Split data into train and test

Model Selection & Evaluation

Metrics

I can set the required column names in rawPredictionCol and labelCol Param and the metric in metricName Param.
we have a binary target (churned), so I can use BinaryClassificationEvaluator to evaluate our model.
The default metric for this Evaluator is areaUnderROC.

Accuracy It is the ratio of the number of correct predictions to the total number of input samples. It works well only if there are an equal number of samples belonging to each class.

Area Under The Curve ROC(Reciever Operating Characteristics) is the area under the probability curve. It measures the degree of separability. It tells how much the model is capable of distinguishing between classes. Higher the AUC, the better the model is at predicting 0s as 0s and 1s as 1s.

I will train 5 algorithms on the dataset and select the best model

RandomForestClassifier
Naive Bayes classifier
DecisionTreeClassifier
LogisticRegression
GradientBoostedTreeClassifier

1- Random forest

Model is trained and spent 95.44201636314392 secondsArea Under Curve: 0.65
Test Error = 0.35

2- Naive Bayes

Model is trained and spent 53.696372747421265sArea Under Curve: 0.5
Test Error = 0.5

3- Decision tree

Model is trained and spent 84.65532064437866sArea Under Curve: 0.55
Test Error = 0.45

4- Logistic Regression

Model is trained and spent 222.21597623825073sArea Under Curve: 0.5
Test Error = 0.5

5- Gradient Boosted Tree

Model is trained and spent 303.87891817092896sArea Under Curve: 0.6
Test Error = 0.4

Results

I have analyzed the sparkify dataset and come up with new features to predict churn. The best performance models are random forest and gradient boosted tree

but gradient boosted tree took much careful when using it and also when set hyperparameters of random forest maxBins and maxDepth it make the model overfit and the same for decision tree

the random forest gives us the best result and in a short time and accuracy increased a little bit when using cross validation

so in the future, we can use deep learning techniques to see a new result

Justification:

As per the final Random Forest model which we had more accuracy when applied cross-validation. This small improvement if you consider the greater picture. This will greatly help Sparkify to more accurately predict churn and direct offers to more appropriate individuals and would save a lot of money for Sparkify.
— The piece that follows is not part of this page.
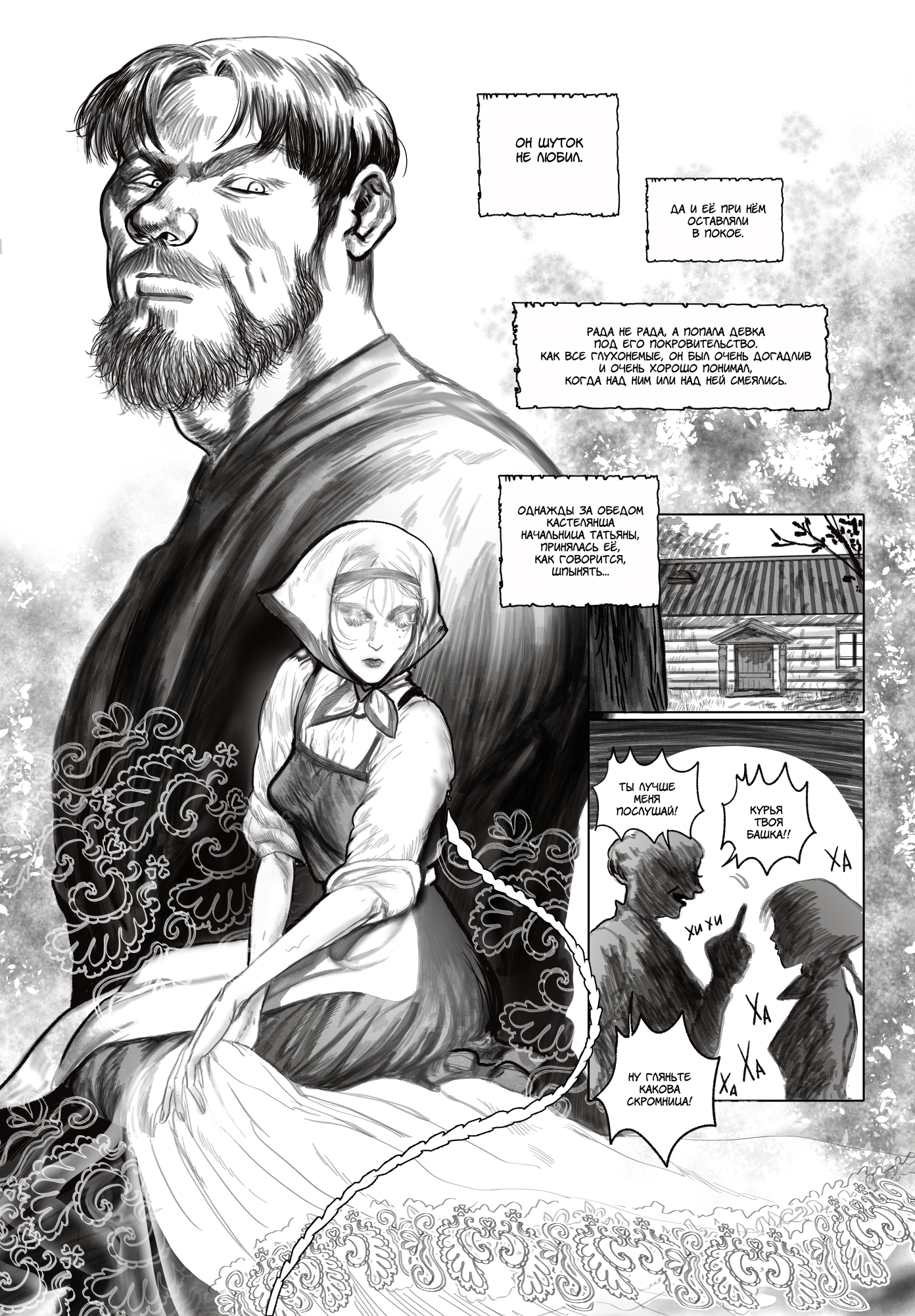 Герасим и Татьяна. Главные персонажи комикса "Муму". Страница из визуальной адапатации классики в комиксах от издательства "Альпака".
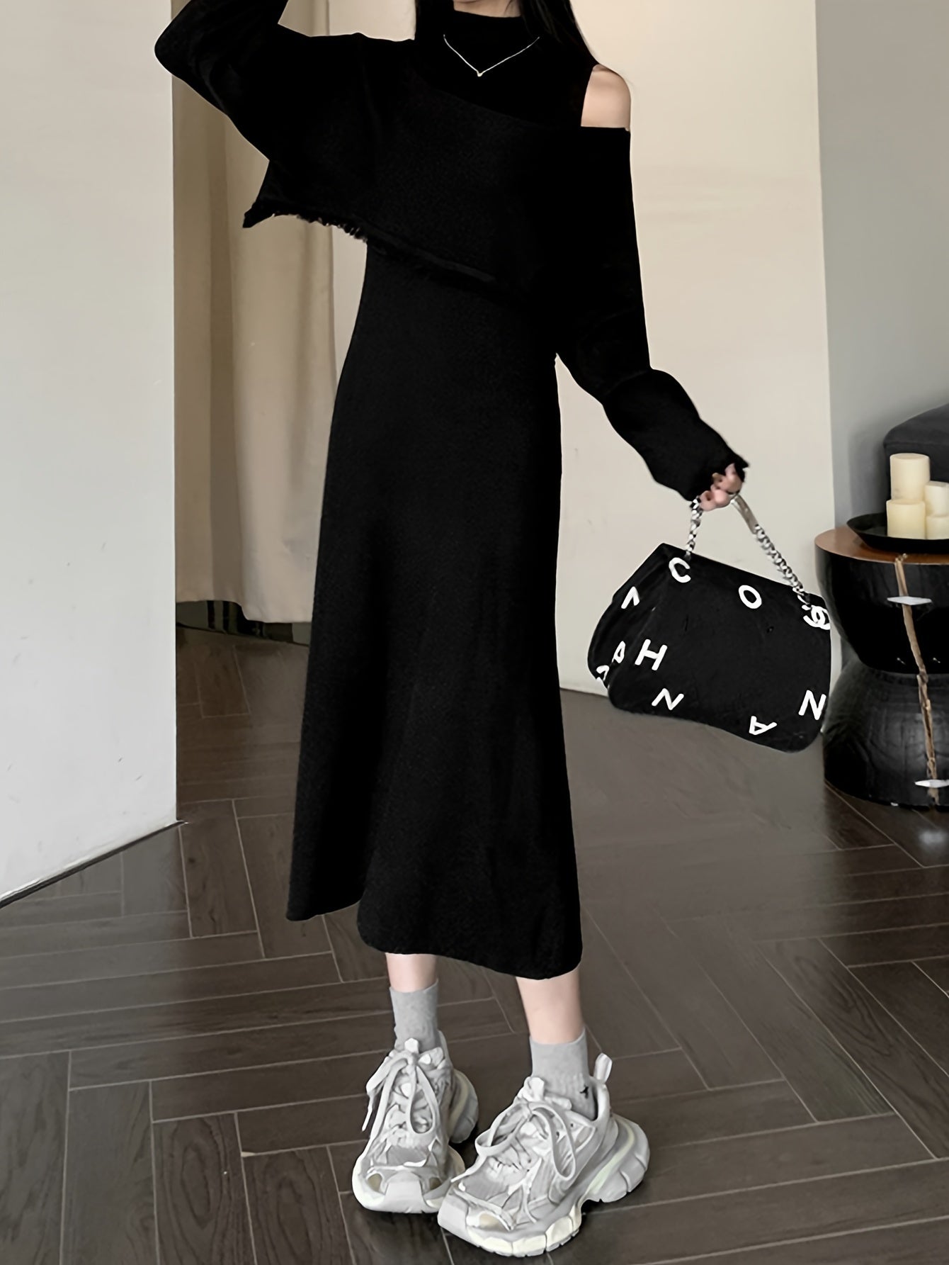 Sixsr Mock Neck Knit Tank Dress, Solid Sleeveless A-line Midi Length Tank Dress, Women's Clothing

Model Tuning and Improve Performance

As we see GradientBoostedTree is performing best compared to LogisticRegression, RandomForest, and DecisionTree but it took a much longer time than them. For, Logistic Regression the training time is significantly huge as well. Decision Tree without any parameters outperformed RandomForestClassifier.
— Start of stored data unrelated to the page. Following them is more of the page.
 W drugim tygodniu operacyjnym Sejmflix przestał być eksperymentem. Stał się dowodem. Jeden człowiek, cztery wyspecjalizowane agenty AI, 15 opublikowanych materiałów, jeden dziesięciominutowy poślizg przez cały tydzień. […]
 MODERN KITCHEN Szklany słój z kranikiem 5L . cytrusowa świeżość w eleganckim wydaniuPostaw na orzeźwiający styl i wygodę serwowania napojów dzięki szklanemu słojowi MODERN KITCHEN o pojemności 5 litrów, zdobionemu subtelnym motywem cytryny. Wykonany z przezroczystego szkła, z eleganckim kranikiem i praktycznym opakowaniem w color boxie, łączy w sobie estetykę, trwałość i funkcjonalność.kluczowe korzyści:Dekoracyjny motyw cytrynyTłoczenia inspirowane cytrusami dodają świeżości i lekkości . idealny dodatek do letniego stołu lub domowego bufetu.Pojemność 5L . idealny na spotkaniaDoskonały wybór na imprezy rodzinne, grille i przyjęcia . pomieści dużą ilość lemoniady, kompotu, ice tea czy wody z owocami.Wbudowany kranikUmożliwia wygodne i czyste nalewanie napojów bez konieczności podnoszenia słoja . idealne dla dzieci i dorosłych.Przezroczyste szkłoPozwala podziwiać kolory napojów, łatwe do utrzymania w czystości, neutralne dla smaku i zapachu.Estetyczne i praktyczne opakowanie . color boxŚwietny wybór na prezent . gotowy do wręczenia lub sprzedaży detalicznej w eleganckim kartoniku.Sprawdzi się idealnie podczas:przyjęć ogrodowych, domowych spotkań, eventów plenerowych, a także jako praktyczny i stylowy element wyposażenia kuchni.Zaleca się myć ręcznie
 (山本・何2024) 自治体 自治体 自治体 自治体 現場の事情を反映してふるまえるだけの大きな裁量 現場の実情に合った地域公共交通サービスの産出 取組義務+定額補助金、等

cross-validation over a grid of parameters is expensive and took much time in my case about 15 minutes, the parameter grid has 2 values for numTrees and 4 values for maxDepth of Random forest, and CrossValidator uses 4 folds.

This multiplies out to (2×4)×4=32 different models being trained. In other words, using CrossValidator can be very expensive. . However it is a good way to decide parameters which is more effective and heuristic in your model

I will use Random Forest Tree to perform cross-validation

there was a little bit increasing of accuracy.

Conclusion

We are able to achieve an accuracy score of 52% with random forest and 60 for Gradient Boosted Tree and after applied cross-validation, the accuracy increased by almost 3%

Gradient Boosted Tree can be applied on a large dataset because it took much time while the random forest is faster

I used many machine learning models to find the best of them, I found the Random Forest is the most efficient model out of all.
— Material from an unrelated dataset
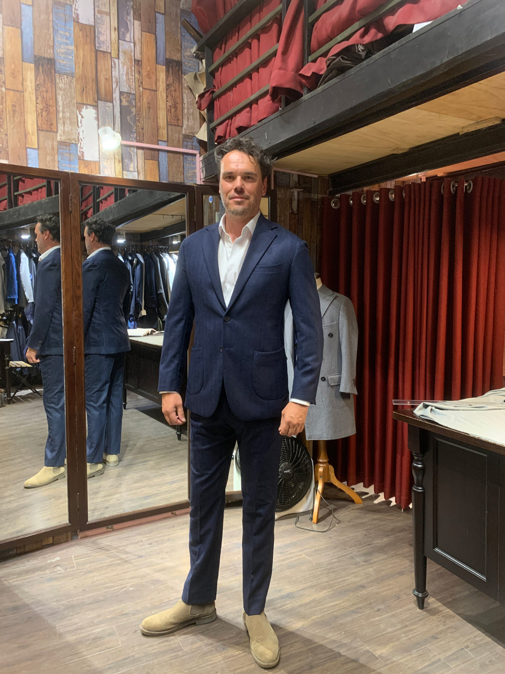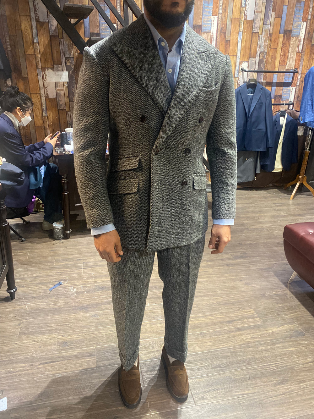 Our regular customer in a typical British flannel suit
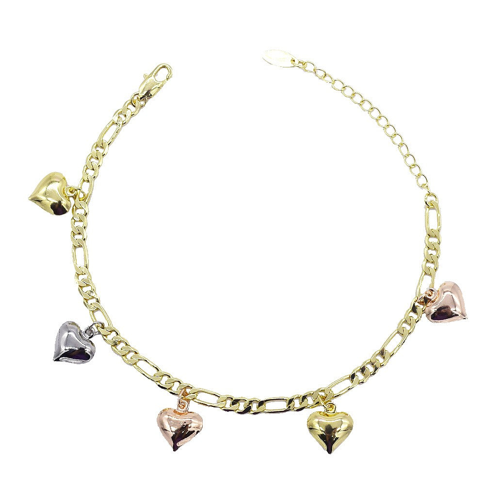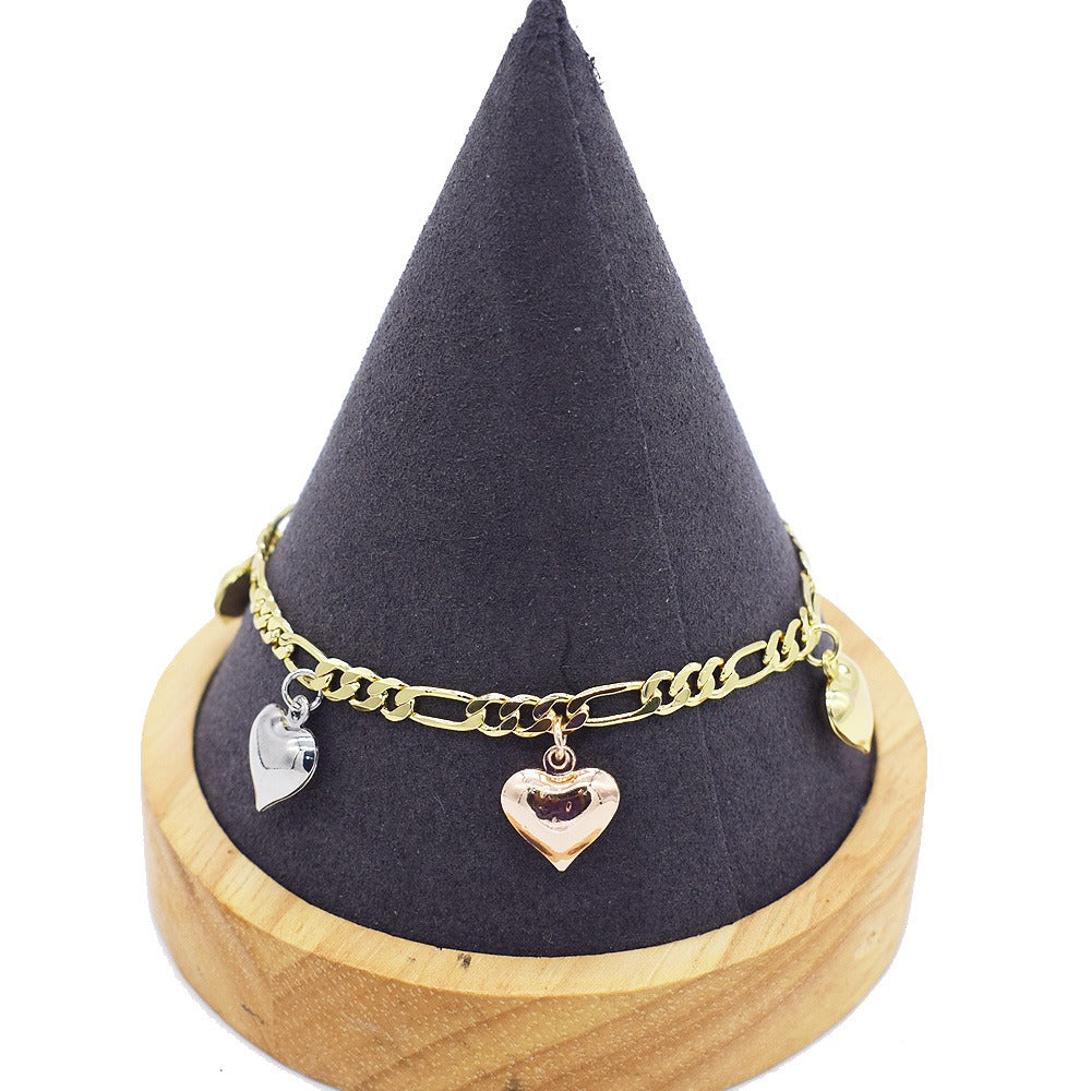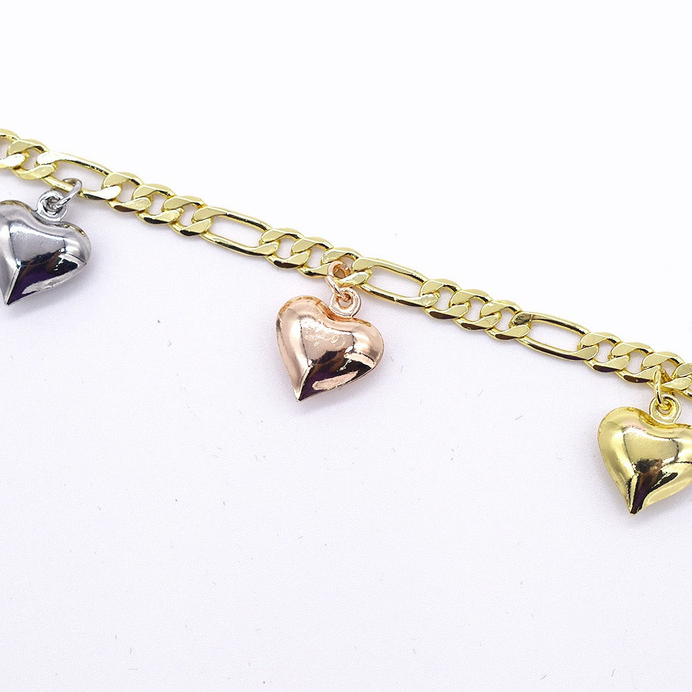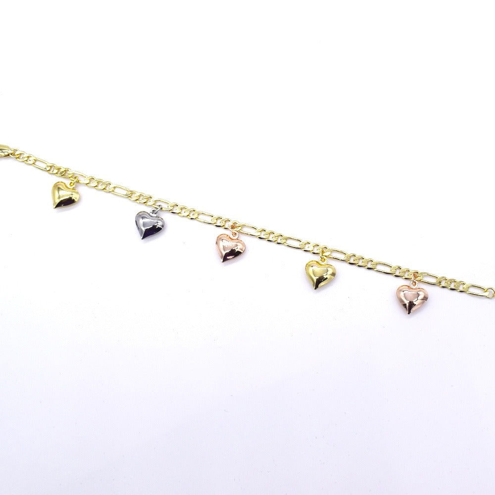 18k Layered real gold Plated tri colors hearts anklet bracelet #25

one of the problems I met the accuracy is very low I tried much time to increase it

we may if future use deep learning methods to improve our accuracy

Repo :

https://github.com/AhmadAbdElhameed/Data-Scientist-Nanodegree/tree/main/sparkify%20capstone%20project

Reflection for future improvement

it's great for large datasets where you can run out of memory, but very time-consuming when you are running through the processing steps every time.

we can use in future deep learning methods it may give us a better result

There is potential to improve the model and add a lot more features from the activity log data provided.